>>>

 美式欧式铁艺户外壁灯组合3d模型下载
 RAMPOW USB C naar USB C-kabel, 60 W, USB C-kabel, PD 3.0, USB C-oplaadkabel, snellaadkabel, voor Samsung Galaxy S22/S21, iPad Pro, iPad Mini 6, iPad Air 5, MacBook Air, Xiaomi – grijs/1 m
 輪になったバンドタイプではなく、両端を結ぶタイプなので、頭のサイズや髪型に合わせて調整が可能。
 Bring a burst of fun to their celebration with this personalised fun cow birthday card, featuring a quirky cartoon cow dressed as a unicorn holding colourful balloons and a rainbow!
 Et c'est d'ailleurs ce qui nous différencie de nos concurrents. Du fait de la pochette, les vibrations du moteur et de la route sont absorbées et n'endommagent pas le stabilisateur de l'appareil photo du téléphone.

<<<
>>>

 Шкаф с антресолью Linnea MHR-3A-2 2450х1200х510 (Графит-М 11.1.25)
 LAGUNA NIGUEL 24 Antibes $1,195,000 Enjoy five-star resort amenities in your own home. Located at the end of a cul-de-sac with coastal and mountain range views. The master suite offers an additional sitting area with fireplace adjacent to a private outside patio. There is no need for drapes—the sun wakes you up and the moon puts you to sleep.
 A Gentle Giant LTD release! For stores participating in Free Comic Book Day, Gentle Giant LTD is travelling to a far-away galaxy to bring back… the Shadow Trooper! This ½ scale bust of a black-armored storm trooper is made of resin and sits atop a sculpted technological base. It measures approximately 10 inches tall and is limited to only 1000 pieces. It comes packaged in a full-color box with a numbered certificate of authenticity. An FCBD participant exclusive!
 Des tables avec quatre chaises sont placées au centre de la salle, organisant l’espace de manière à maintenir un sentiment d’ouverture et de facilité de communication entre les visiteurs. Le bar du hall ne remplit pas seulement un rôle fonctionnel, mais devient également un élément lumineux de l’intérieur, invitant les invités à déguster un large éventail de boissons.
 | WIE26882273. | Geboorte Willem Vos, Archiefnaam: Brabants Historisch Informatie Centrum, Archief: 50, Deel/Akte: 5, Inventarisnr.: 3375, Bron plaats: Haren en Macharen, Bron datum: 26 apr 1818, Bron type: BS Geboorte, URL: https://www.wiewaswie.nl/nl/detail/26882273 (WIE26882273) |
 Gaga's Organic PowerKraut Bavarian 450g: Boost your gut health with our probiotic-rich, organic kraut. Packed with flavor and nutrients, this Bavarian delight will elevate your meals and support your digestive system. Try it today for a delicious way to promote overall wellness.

<<<

[Task prompt]
When the line with "美式欧式铁艺户外壁灯组合3d模型下载" is reached in the data above, start copying there, and copy each line exactly until the line with "輪になったバンドタイプではな" has been copied; copy nothing else.

[The answer]
 美式欧式铁艺户外壁灯组合3d模型下载
 RAMPOW USB C naar USB C-kabel, 60 W, USB C-kabel, PD 3.0, USB C-oplaadkabel, snellaadkabel, voor Samsung Galaxy S22/S21, iPad Pro, iPad Mini 6, iPad Air 5, MacBook Air, Xiaomi – grijs/1 m
 輪になったバンドタイプではなく、両端を結ぶタイプなので、頭のサイズや髪型に合わせて調整が可能。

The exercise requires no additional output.